Venezuelan President Nicolás Maduro has declared that the country is fully prepared to defend itself against any potential U.S. military aggression, warning that Caracas will not “shrink from a fight” if Washington escalates tensions further. His comments come amid the deployment of a U.S. naval armada off Venezuela’s shores, officially described by the Pentagon as part of a drug enforcement operation but viewed in Caracas as a direct threat to sovereignty.
“We’re ready for a fight, if it’s necessary,” Maduro said in a televised address. “Along all of Venezuela’s coasts, from the border with Colombia to the east of the country, from north to south and east to west, we have full preparation. We are only defending Venezuela’s right to peace. No one can come to disturb either independence, territorial integrity, or the sovereignty of our peoples.”
According to Maduro, Venezuelan troops and civilian militias have been mobilized across 284 potential battlefront locations, reinforcing defensive positions in anticipation of possible clashes. Venezuela’s defense apparatus includes a 95,000 to 150,000-strong conventional army supported by a 4.5 million-person people’s militia, as well as significant stockpiles of tanks, aircraft, warships, and a growing domestic drone industry developed with Iranian support.
The rhetoric has sharpened following an incident last week in which 11 people were killed after a U.S. operation targeted a boat in the Caribbean. While Washington insists the strike was against drug traffickers, Venezuelan officials have rejected this narrative. On Thursday, Interior Minister Diosdado Cabello accused the U.S. of “murdering civilians,” calling the action further proof of U.S. aggression.
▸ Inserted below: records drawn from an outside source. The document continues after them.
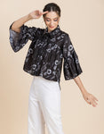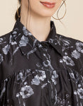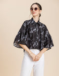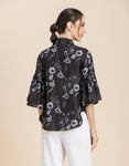 Features: Quarter Bell Sleeves, Collared Neck, Button Down, Pleated, Lightweight And All Over Printed Pattern
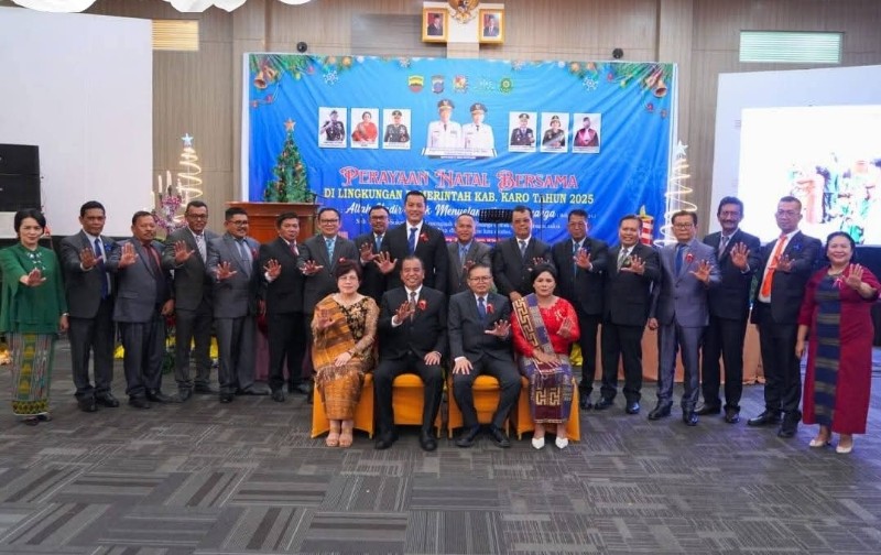 BeritaNasional.ID KABANJAHE, SUMUT —Pemerintah Kabupaten Karo mengadakan Perayaan Natal Bersama di Lingkungan Pemerintah Kabupaten Karo Tahun 2025 yang dilaksanakan di Sinabung Hills International Hotel, Senin (8/12/2025)
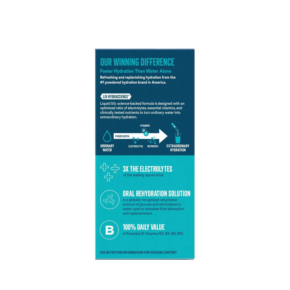 Formulated with LIV HYDRASCIENCE, Liquid I.V. uses an optimized ratio of electrolytes and clinically tested nutrients to support rapid hydration. Each serving contains three times the electrolytes of leading sports drinks, plus eight essential vitamins and nutrients—including 100% of your daily values for vitamins B3, B5, B6, and B12. It’s also gluten-free, soy-free, and dairy-free.
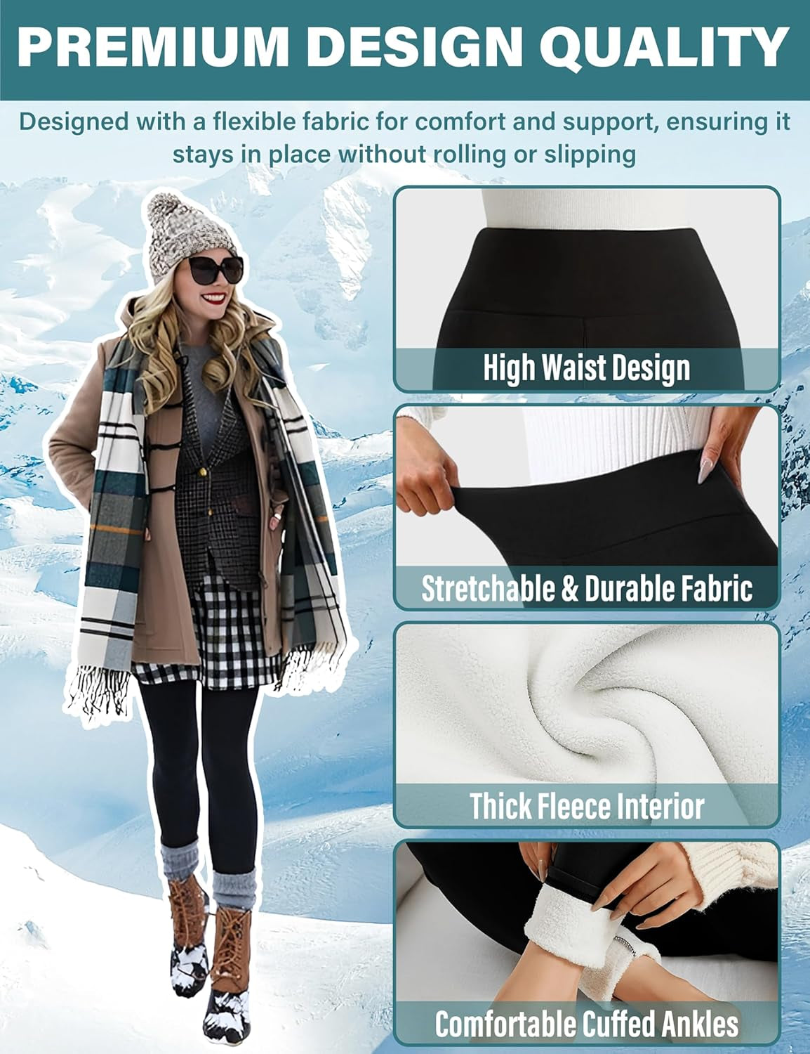 Thick Fleece Lined Leggings for Women Tummy Control High Waisted Workout Thermal Warm Soft Yoga Pants for Cold Winter - Black / Small
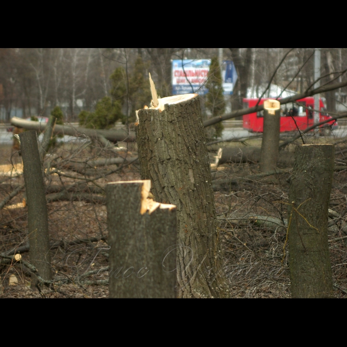 «Громадські активісти не дали повністю знищити сквер, але зеленим насадженням було завдано непоправної шкоди», - заявив Титикало.11 березня 2009 Київ, проспект Перемоги. Вирубано дерева під будівництво.
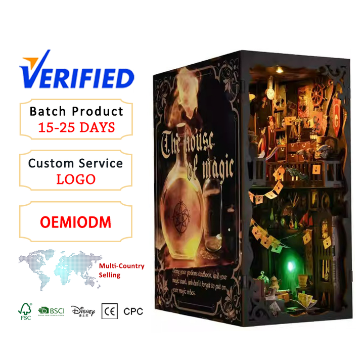 Inserto para Estantería Rincón de Lectura 3D DIY - Decoración de Estantería en Miniatura Mágica, Kit de Rompecabezas de Madera para el Hogar y Regalo
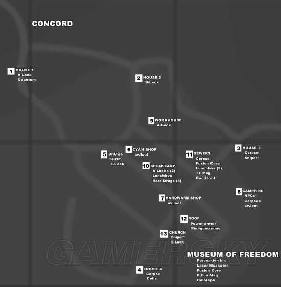 康科德,一个较大的区域,拥有30+的房子,在这之中又有很多的房子可进入,由于刚开始的主线需要前往康科德里的博物馆进行触发,因此康科德是我们必经的区域。而在康科德的一些房子内又有相当多的战利品。

The Pentagon, meanwhile, has dismissed these accusations, maintaining its stance that the Maduro government is an “illegitimate narco-terrorist regime.” The escalating war of words has fueled fears that the standoff could spiral into open confrontation, raising alarm across Latin America, where regional governments remain divided over how to respond to Venezuela’s defiance of U.S. pressure.
Observers warn that any military escalation would not only destabilize Venezuela but could also reverberate across the Caribbean and South America, deepening geopolitical fault lines and drawing in external players such as Iran, Russia, and China, who have maintained strong ties with Caracas in defiance of U.S. sanctions.